**REQUIRED WORK**
Your answer must be an exact copy of the listing, with the images left out.

**RAW DATA**
------------------------------------------------------------------------

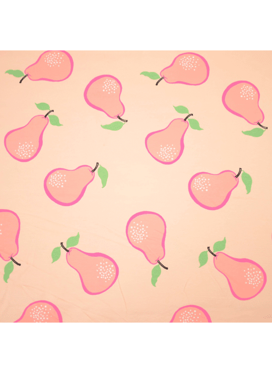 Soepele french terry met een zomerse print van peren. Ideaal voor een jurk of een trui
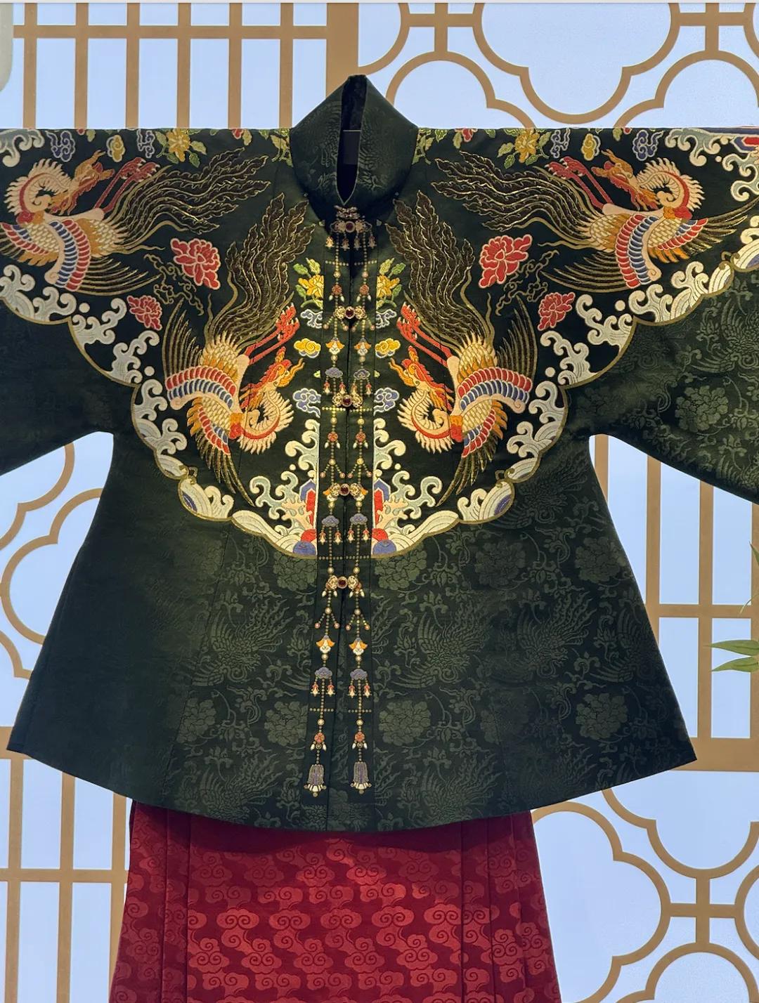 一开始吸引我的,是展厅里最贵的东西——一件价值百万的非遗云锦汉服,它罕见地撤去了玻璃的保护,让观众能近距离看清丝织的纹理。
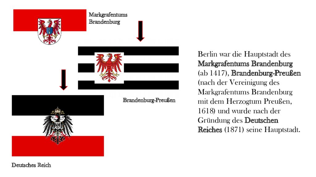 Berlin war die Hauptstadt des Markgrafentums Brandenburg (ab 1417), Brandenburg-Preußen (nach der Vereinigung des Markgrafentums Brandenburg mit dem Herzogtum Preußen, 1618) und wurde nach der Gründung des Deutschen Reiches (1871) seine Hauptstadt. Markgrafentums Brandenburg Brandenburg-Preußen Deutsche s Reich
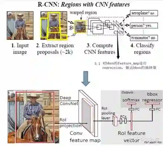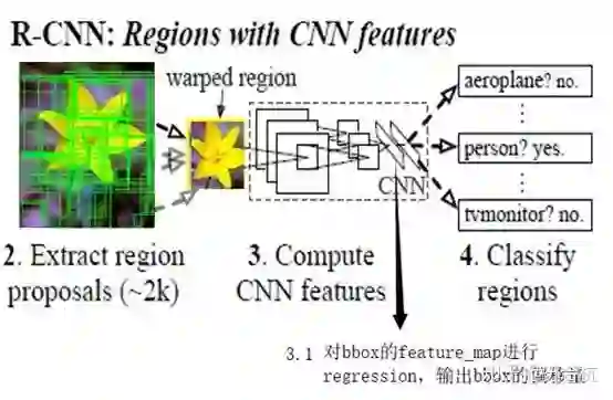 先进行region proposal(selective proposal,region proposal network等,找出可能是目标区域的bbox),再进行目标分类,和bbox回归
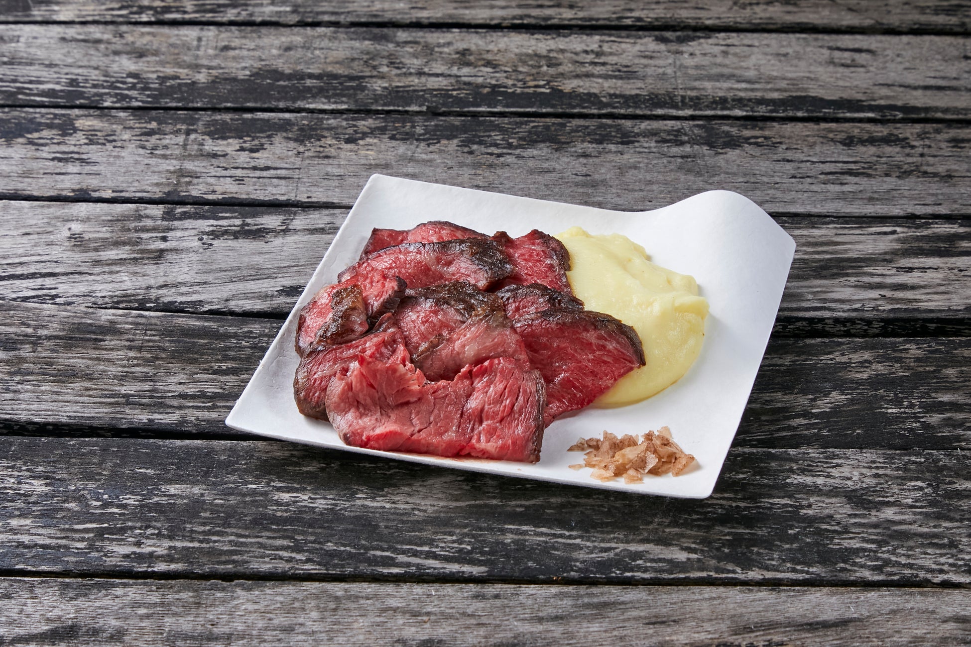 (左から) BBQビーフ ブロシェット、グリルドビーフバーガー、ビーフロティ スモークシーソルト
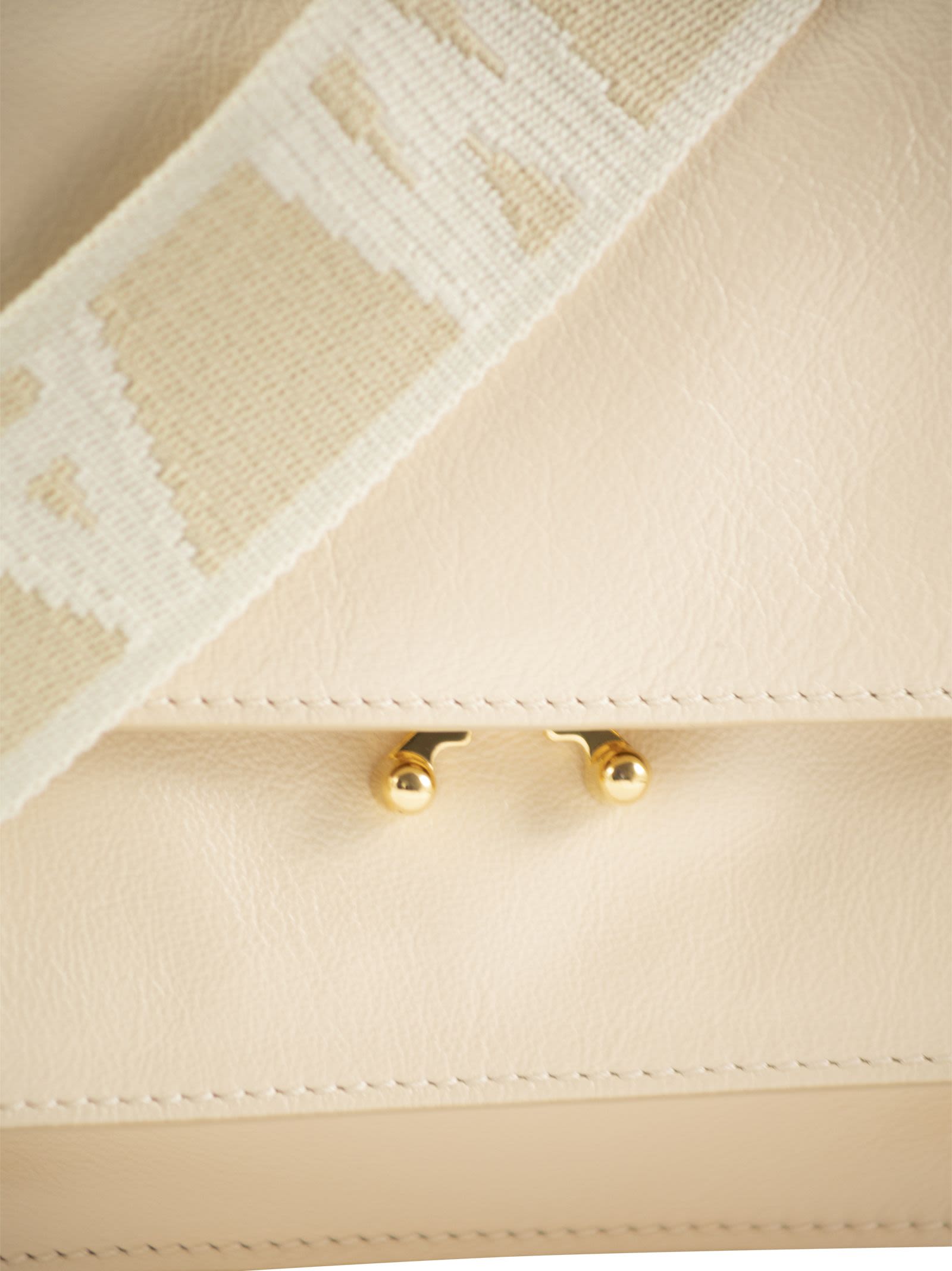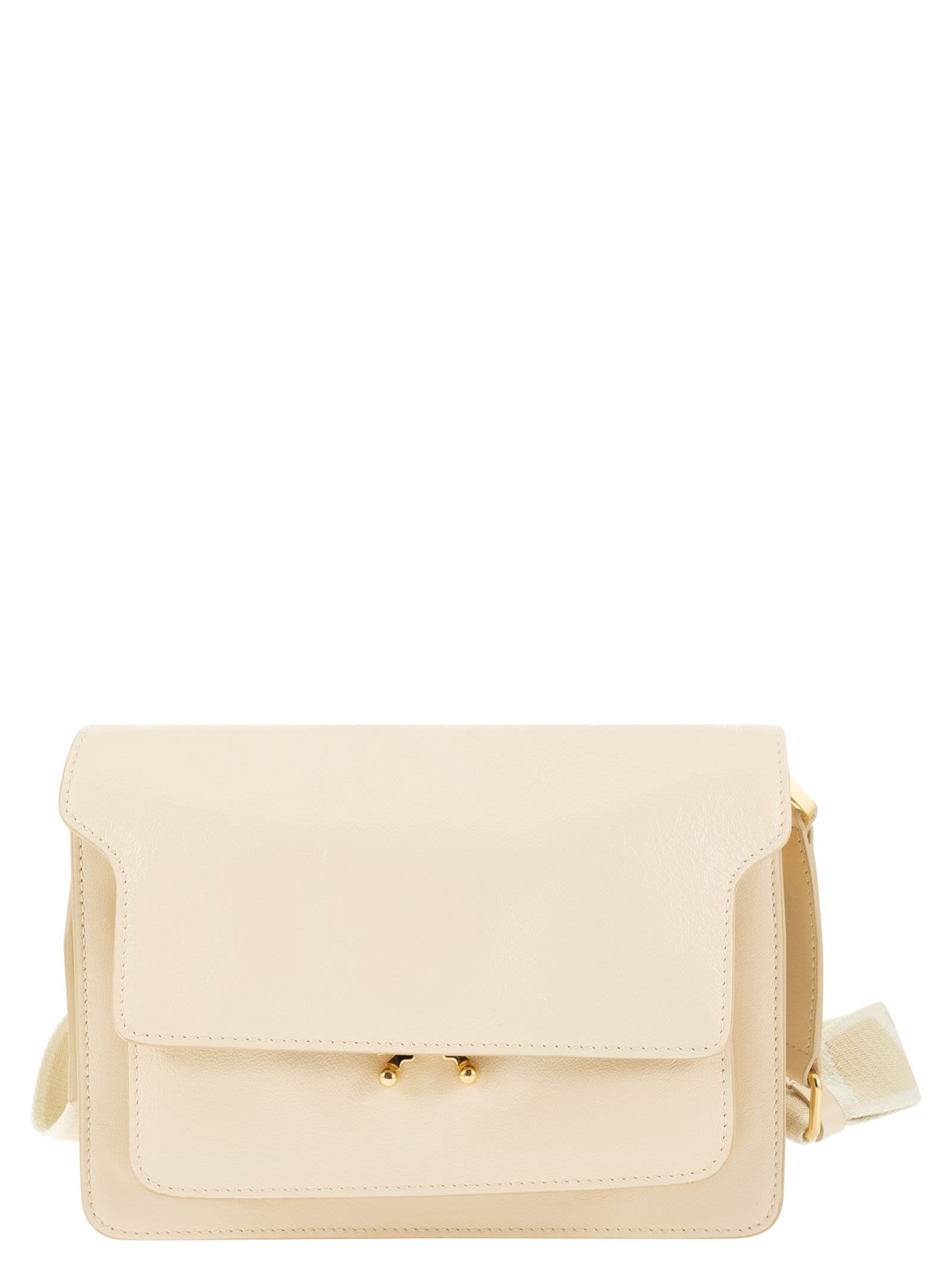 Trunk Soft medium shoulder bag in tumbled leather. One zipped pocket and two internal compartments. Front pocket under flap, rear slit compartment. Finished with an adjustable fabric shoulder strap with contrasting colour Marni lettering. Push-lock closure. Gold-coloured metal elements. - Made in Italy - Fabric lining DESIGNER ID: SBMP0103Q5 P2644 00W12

------------------------------------------------------------------------

**YOUR SOLUTION**
 Soepele french terry met een zomerse print van peren. Ideaal voor een jurk of een trui
 一开始吸引我的,是展厅里最贵的东西——一件价值百万的非遗云锦汉服,它罕见地撤去了玻璃的保护,让观众能近距离看清丝织的纹理。
 Berlin war die Hauptstadt des Markgrafentums Brandenburg (ab 1417), Brandenburg-Preußen (nach der Vereinigung des Markgrafentums Brandenburg mit dem Herzogtum Preußen, 1618) und wurde nach der Gründung des Deutschen Reiches (1871) seine Hauptstadt. Markgrafentums Brandenburg Brandenburg-Preußen Deutsche s Reich
 先进行region proposal(selective proposal,region proposal network等,找出可能是目标区域的bbox),再进行目标分类,和bbox回归
 (左から) BBQビーフ ブロシェット、グリルドビーフバーガー、ビーフロティ スモークシーソルト
 Trunk Soft medium shoulder bag in tumbled leather. One zipped pocket and two internal compartments. Front pocket under flap, rear slit compartment. Finished with an adjustable fabric shoulder strap with contrasting colour Marni lettering. Push-lock closure. Gold-coloured metal elements. - Made in Italy - Fabric lining DESIGNER ID: SBMP0103Q5 P2644 00W12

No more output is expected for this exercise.